Books
I have read two books
lately that it was rather unlike me to read since each exhibited or
delved into lifestyles that were not my own. I thought that you should
know about them. The first of these books is "A House In Sicily"
by Daphne Phelps.
Daphne Phelps had
her degree in Social Work (from Oxford) in 1946 but no job or prospect
of one when she learned that an uncle had left her a huge and ornate
house in Taormina, Sicily furnished with a lifetime of collecting art
and decorations in Mediterranean Europe and the Near East. So she went
to see about selling it and its antiques. She couldn't sell it because
her title was not perfected to the place and was in the complex Italian
judicial system (It took 40 years to get the title straightened out).
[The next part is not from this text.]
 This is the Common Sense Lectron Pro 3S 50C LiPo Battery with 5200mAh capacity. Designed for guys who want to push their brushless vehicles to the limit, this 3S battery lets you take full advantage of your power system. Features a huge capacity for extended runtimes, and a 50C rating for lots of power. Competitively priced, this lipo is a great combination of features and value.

By this time anyway she had fallen in love with the place and didn't
want to sell it. But she had to have some money - so she decided to
rent out rooms as a high class guest lodge. The book is all about her
life for fifty years with guests such as Bertrand Russell (who stayed
two years and at ninety was always trying to get her in bed), Caitlyn
Thomas, painter Henry Faulkner (who arrived with three dogs, three cats,
a duck and a non-weaned goat and who went around her house saying "Klee
would love this"), Tennessee Williams (who became a regular), Ronald
Dahl. Daphne writes well with both humor and pathos. She had to get
a Mafia Godfather named Carlo who turned out to be very protective and
kept everyone off her back for a few bottles of wine.
It was even more unlike
me to like to read Donald Keene's book "On Familiar Terms".
Keene was, until about 1993, Chairman of the Department of Oriental
Languages at Columbia University. Keene first learned his Japanese at
the U.S. Navy Language School right after WWII began. He spent all of
the war interrogating prisoners and translating captured Japanese documents.
I bridled a bit at his statements that he liked the Japanese prisoners
better than the GIs, and that he thought that Japan should really have
won the war because their motivation was more "pure" (releasing
Asia from the grasp of the American, British and Dutch Imperialists}.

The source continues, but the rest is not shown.